■ **Problem statement**:
Give back the exact lines of the material below from the one containing "Women's Round-neck Sunken" through the one containing "Selon l’article 1er", and no pictures.

■ **Data shown**:
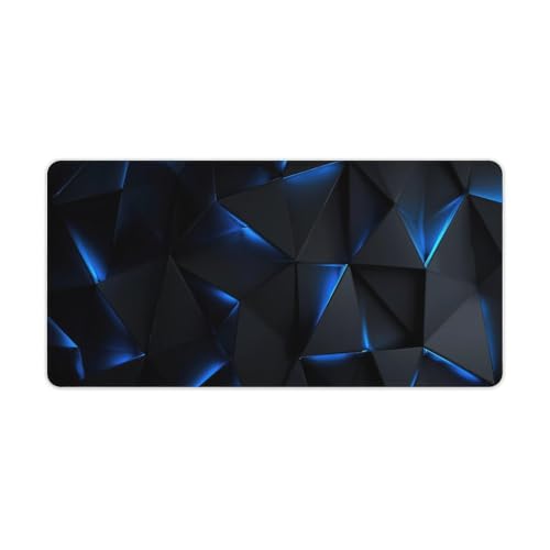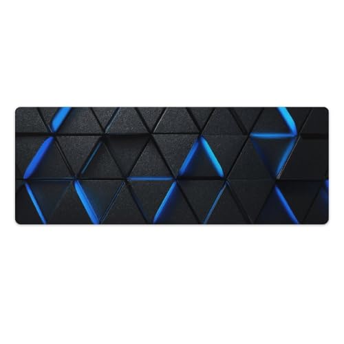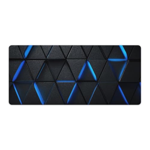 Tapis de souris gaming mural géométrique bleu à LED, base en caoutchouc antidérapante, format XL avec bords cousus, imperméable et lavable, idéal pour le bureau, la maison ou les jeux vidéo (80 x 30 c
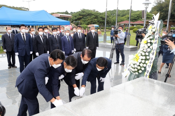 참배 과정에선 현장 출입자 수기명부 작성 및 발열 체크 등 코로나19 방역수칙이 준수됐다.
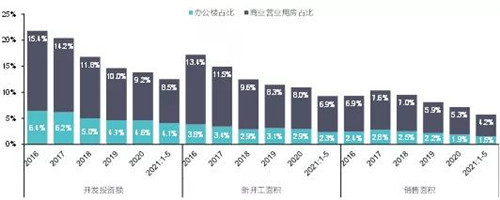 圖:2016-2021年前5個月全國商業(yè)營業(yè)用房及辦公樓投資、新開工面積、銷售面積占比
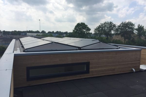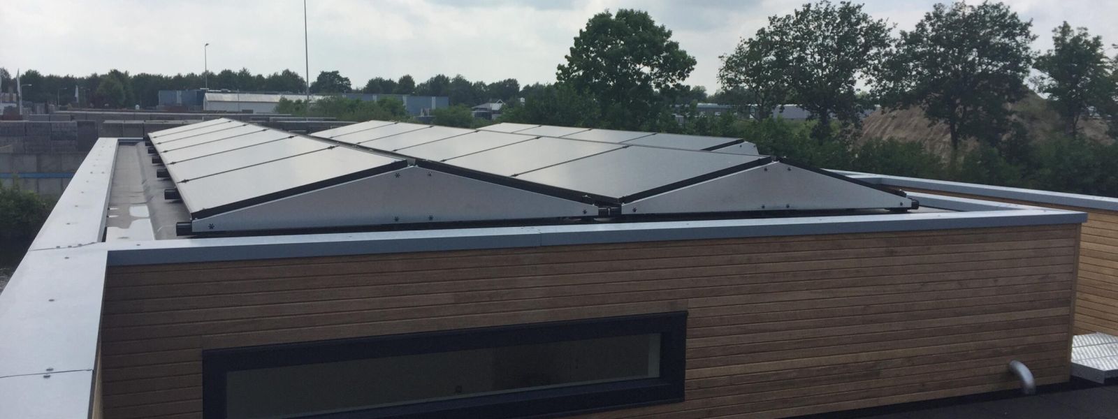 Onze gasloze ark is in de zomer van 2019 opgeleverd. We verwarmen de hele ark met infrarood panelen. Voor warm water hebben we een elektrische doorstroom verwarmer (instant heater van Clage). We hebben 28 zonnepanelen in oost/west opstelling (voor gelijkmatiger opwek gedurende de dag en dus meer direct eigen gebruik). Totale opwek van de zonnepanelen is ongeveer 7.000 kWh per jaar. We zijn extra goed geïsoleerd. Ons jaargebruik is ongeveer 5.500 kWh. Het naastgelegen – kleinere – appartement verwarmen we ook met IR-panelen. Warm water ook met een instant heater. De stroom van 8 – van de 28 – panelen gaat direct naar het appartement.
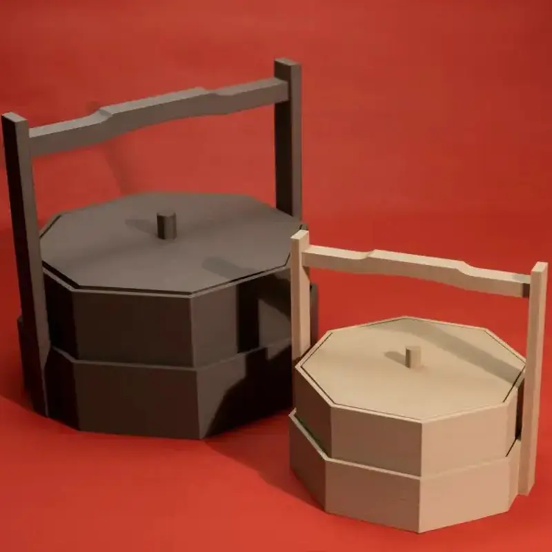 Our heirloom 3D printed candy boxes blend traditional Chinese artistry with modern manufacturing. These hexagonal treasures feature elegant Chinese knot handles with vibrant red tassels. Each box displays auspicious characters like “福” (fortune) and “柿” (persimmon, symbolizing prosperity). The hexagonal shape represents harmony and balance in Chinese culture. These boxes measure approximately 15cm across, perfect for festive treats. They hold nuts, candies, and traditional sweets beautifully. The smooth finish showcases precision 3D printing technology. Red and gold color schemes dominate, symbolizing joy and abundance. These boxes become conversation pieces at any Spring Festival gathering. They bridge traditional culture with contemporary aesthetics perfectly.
...
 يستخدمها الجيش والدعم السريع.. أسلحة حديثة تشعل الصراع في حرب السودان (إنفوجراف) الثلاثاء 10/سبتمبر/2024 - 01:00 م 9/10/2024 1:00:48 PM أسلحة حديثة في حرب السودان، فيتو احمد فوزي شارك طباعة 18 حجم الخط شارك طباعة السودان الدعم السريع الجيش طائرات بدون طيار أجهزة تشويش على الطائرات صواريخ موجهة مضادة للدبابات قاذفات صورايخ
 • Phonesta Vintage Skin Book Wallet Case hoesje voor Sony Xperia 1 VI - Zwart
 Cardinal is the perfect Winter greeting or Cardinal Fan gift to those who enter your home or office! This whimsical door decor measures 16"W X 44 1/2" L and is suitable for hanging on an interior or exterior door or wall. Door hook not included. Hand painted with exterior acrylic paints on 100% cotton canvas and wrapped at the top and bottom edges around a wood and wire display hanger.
---
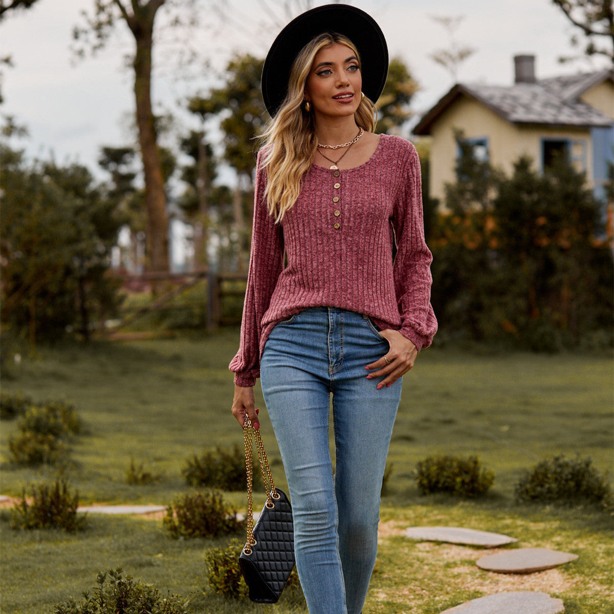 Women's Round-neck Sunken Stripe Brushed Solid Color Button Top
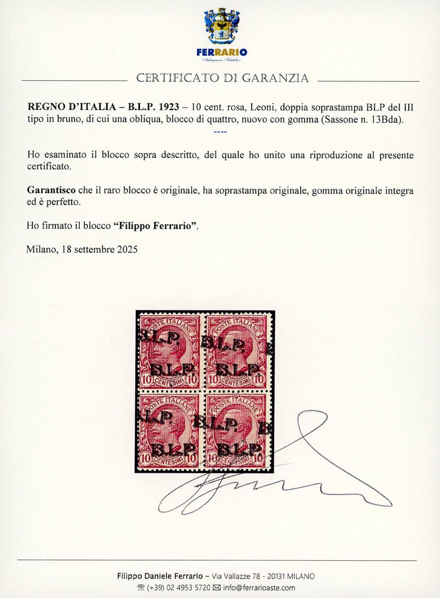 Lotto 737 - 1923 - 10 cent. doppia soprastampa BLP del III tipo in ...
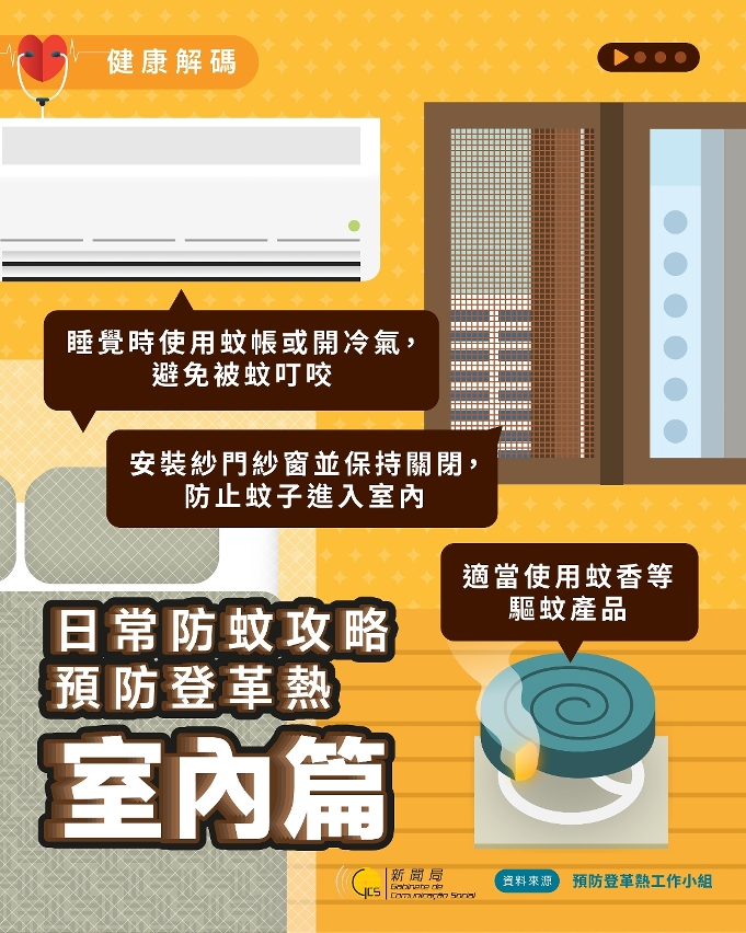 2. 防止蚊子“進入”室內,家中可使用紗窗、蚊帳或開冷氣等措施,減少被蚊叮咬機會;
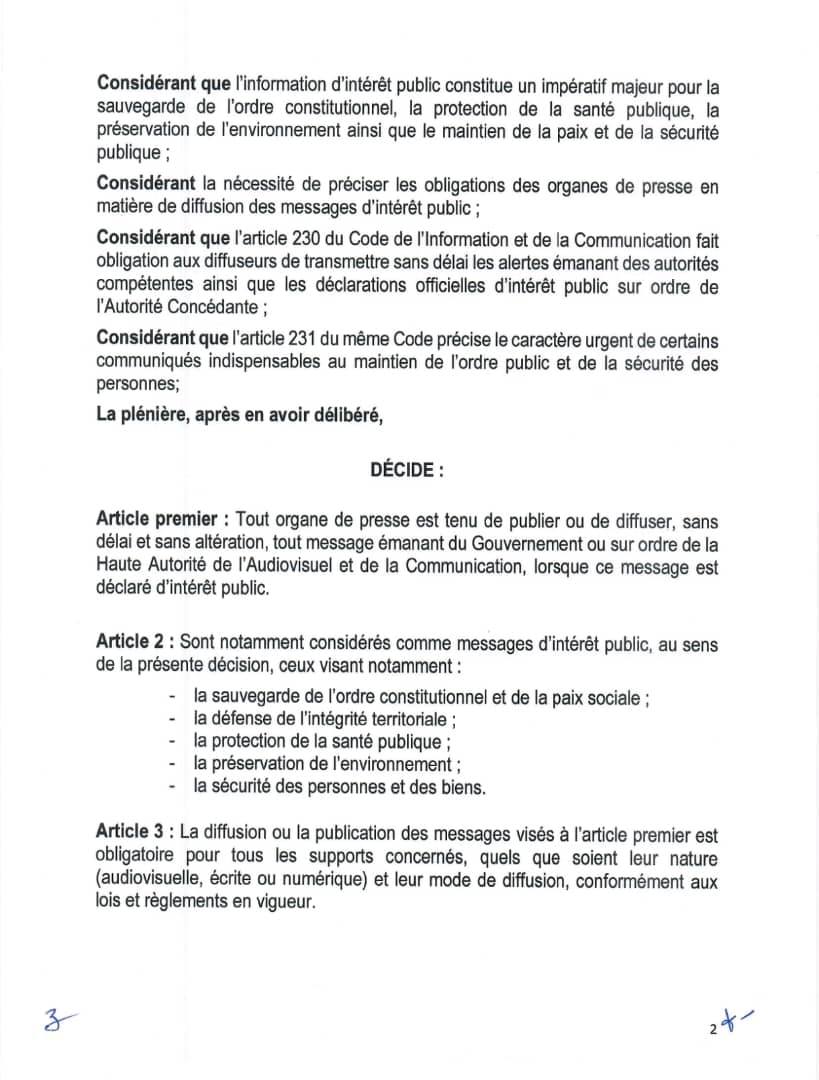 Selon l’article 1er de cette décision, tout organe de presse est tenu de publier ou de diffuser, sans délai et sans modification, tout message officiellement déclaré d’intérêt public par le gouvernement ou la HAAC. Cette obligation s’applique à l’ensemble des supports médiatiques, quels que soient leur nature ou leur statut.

■ **Written response**:
 Women's Round-neck Sunken Stripe Brushed Solid Color Button Top
 Lotto 737 - 1923 - 10 cent. doppia soprastampa BLP del III tipo in ...
 2. 防止蚊子“進入”室內,家中可使用紗窗、蚊帳或開冷氣等措施,減少被蚊叮咬機會;
 Selon l’article 1er de cette décision, tout organe de presse est tenu de publier ou de diffuser, sans délai et sans modification, tout message officiellement déclaré d’intérêt public par le gouvernement ou la HAAC. Cette obligation s’applique à l’ensemble des supports médiatiques, quels que soient leur nature ou leur statut.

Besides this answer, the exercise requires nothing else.